Será inaugurado no dia 30 de Abril um espaço temporário para a realização de eventos, sob uma tenda de quatro mil metros quadrados, com capacidade para até nove mil pessoas e toda equipada com isolamento acústico, que será erguido em parte do local onde ficava o campo de futebol. O espaço sediará uma apresentação da cantora Gal Costa, para um público de três mil pessoas. Os ingressos já estão à venda e podem ser adquiridos pelo site oficial do Pacaembu, com preços que variam entre R$ 97,75 (meia) a R$ 195,50 (inteira).
Em relação à conciliação entre os eventos culturais e futebolísticos, Barella afirma que “uma coisa não exclui a outra. Teremos espaços dedicados a recepção de eventos e shows no subsolo do novo edifício que será construído no lugar do tobogã.
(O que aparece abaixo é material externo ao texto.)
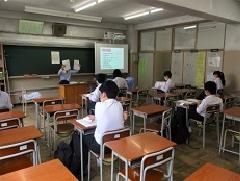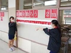 クラス全員が揃っての授業が始まりました。左右前後の友達との間隔は1mとり、授業中もマスクを着けたままで、感染予防に気を付けて授業を受けています。
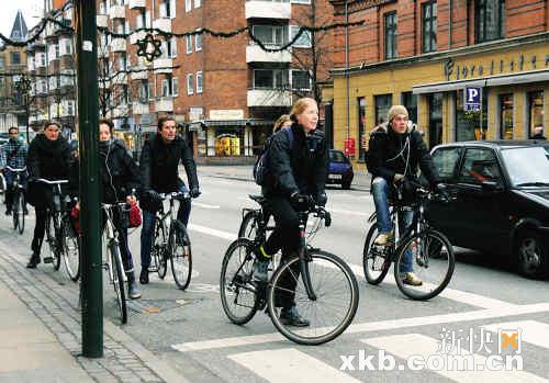 为鼓励人们骑车出行,哥本哈根市逐步建成了覆盖整个市区的自行车道路网络。贯穿全城的自行车专行道达350公里。自行车道与汽车道、人行道从高度上各自分开,一目了然,互不干扰。
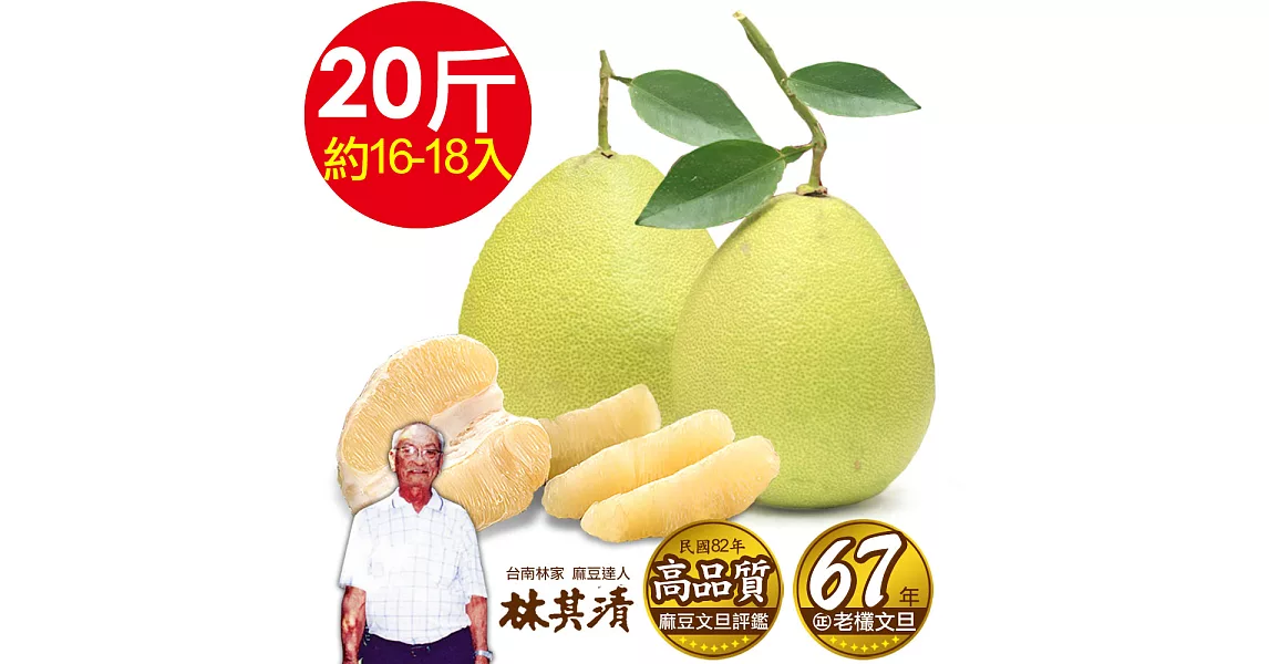 商品描述: 預購-【台南林家】66年在地老欉麻豆文旦! 產地直送1箱(20台斤/箱 16-18顆)
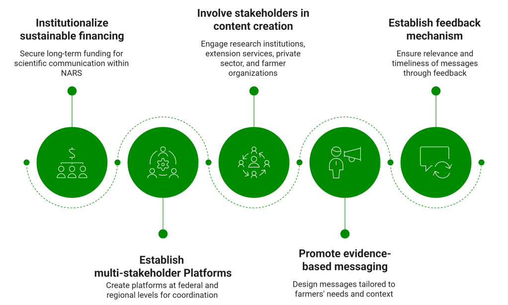 The study identified several systemic challenges related to the governance and dissemination of agricultural messages. These include limited engagement of key stakeholders in setting media agendas, weak coordination among actors, and the absence of structured platforms for aligning efforts. As a result, many agricultural messages are developed using a top-down approach and are insufficiently tailored to the diverse needs of farmers. In addition, there is a lack of robust feedback mechanisms to capture and incorporate input from target audiences.
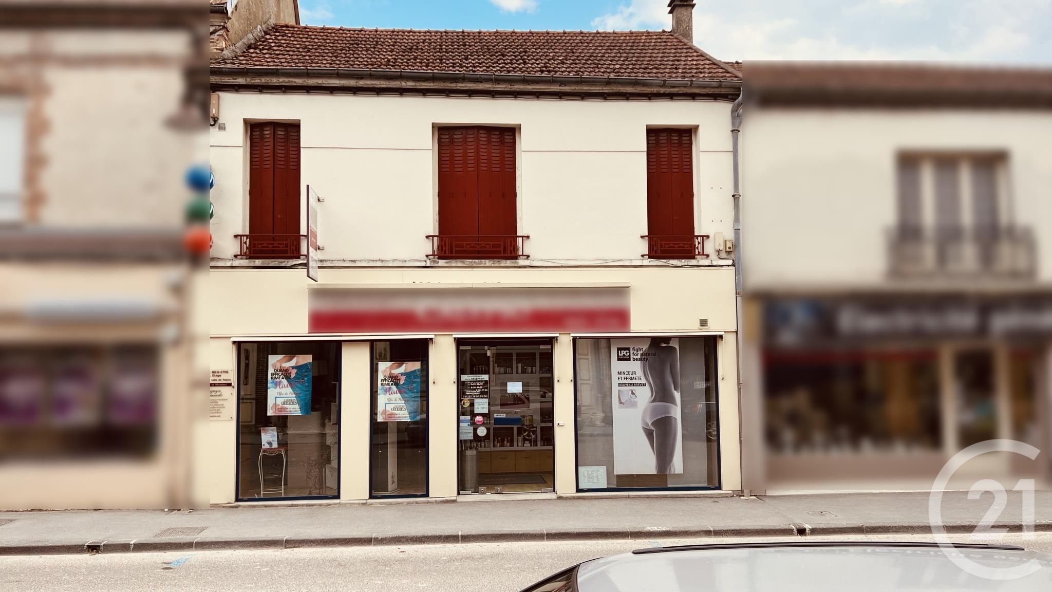 Au rez-de-chaussée, un vaste espace commercial vous accueille avec une grande salle d'accueil, idéale pour recevoir vos clients dans un cadre professionnel et accueillant. Deux cabines aménagées avec goût, une salle d'eau moderne et des toilettes complètent cet espace, offrant tout le confort nécessaire pour votre activité commerciale.
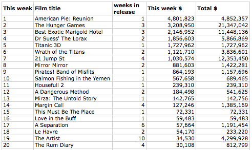 The return of Stifler, Jim, Finch and Oz in American Pie: Reunion was enough to bump The Hunger Games off top spot in the Easter Weekend’s box office.
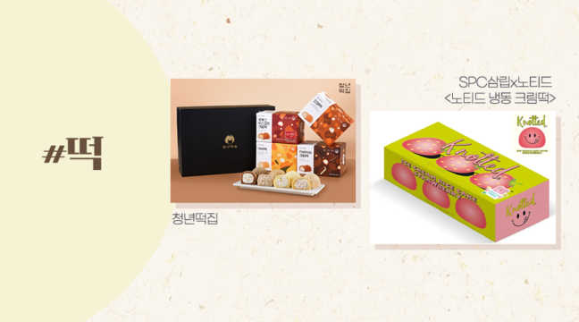 여러분 두 브랜드의 성공 전략 눈치채셨나요? 할매니얼 트렌드를 이끄는 주역이 MZ세대인 만큼 젊은 세대의 입맛을 고려해 생크림, 카스텔라, 티라미슈 등 서양 재료를 떡에 접목한 퓨전 제품을 선보였다는 거예요! MZ세대는 기존 떡과 다른 차별화된 퓨전떡의 매력에 퐁~당 빠졌답니다?

O campo continuará prioritariamente para o futebol, embora outros eventos possam ocorrer em outras áreas do Complexo paralelamente”.
O último jogo disputado no Paca antes da paralisação do futebol por conta da pandemia da covid-19 e, posteriormente, devido à reforma, foi um 0 a 0 entre Palmeiras e Santos, em duelo válido pela 9ª rodada do Campeonato Paulista, no dia 29 de fevereiro de 2020. Com a demolição do Tobogã, a capacidade do estádio passa de 40.199 pessoas a 28.437, reduzindo assim a quantidade de público nas arquibancadas do Paulo Machado de Carvalho.